Harold Pack, whose nickname is Hap, short for happy, is a sergeant at the Maxwell Air Force Base in nearby Montgomery. He's been a nauseatingly perky soldier for 24 years.
He has just completed his very last day. That may seem like reason to be happier still, but not necessarily.
All his life, Pack thought retirement would be something he would share with someone he loved, he says. And now that it's here, he can't see that happening.
"How rare would that be when you already found that person once?" he asks.
His wife, Anna, died two years ago at age 39. She died right in front of him.
"[She was] laying down watching TV, she sat up and coughed and she laid back down. Her artery clogged and stopped the heart. She was gone before her head hit the pillow," he recalls.
Her death left Pack alone to raise their 15-year-old son. Brian goes to summer school because he failed four classes last year.
And he does not share his father's nickname.
"Hey, Brian. How'd school go?" Pack inquires.
"It's going," Brian says.
Literally day after day, Brian comes home from school.

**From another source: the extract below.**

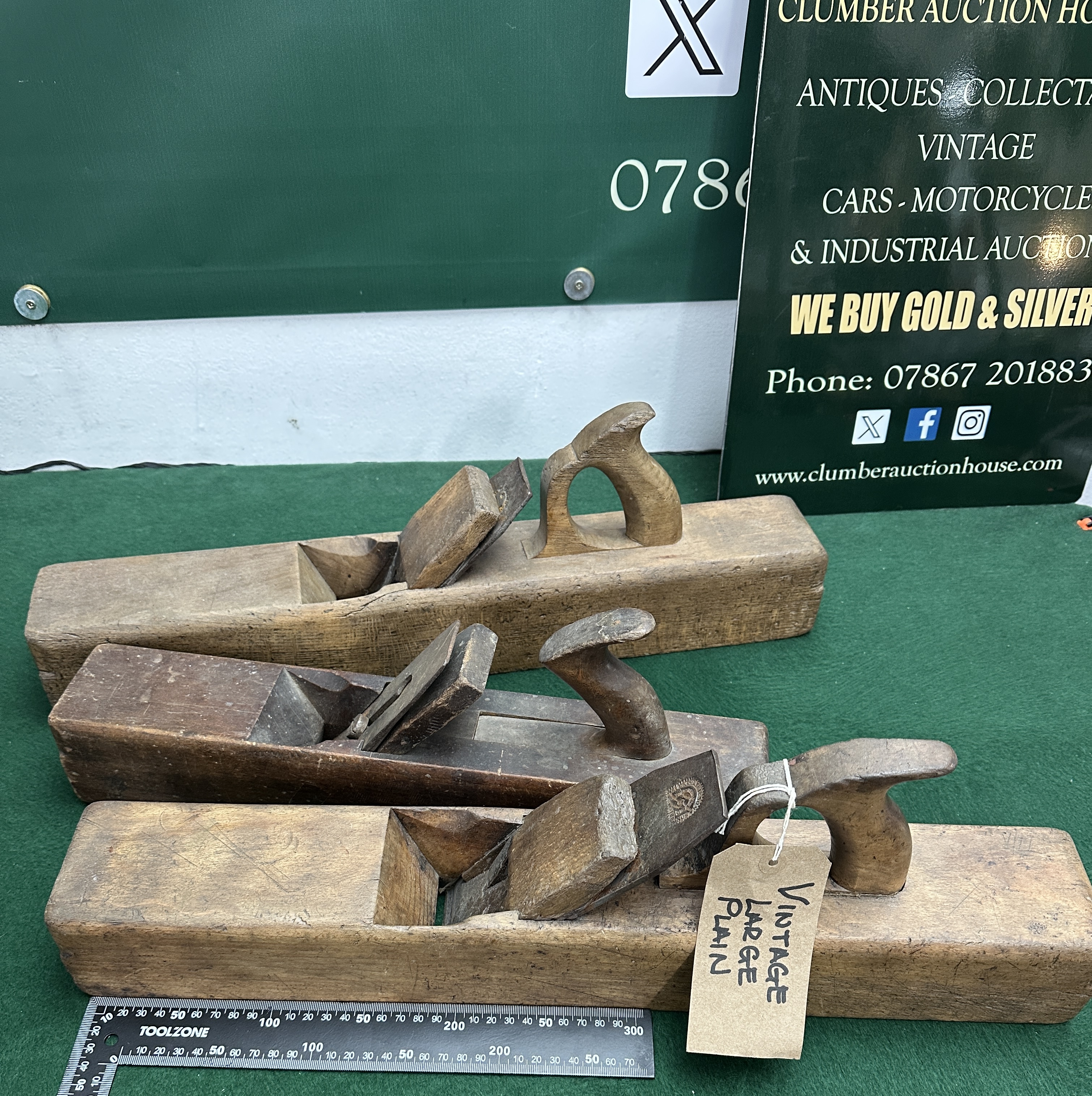 A trio of vintage wooden hand planes of English type, typically used for jointing and smoothing in traditional woodworking. Each tool is constructed with a solid hardwood block, an integrated wooden tote handle, a metal iron, and a wooden wedge for securing the blade. One metal iron features a circular stamped manufacturer’s mark. The collection includes a handwritten auction tag identifying the group as vintage large planes. The construction and form are consistent with 19th or early 20th-century English workshop tools.

"How was your day?" Pack asks.
"It was so," Brian says.
He gives that same answer and goes to his room. Pack will see him once more before dinner briefly. Then he runs off into the woods with a friend.
Does his father want to see what he's doing in the woods?
"I think a part of me knows what he's doing in the woods," Pack says. "If they're out smoking or drinking or building bonfires, what's going to stop them?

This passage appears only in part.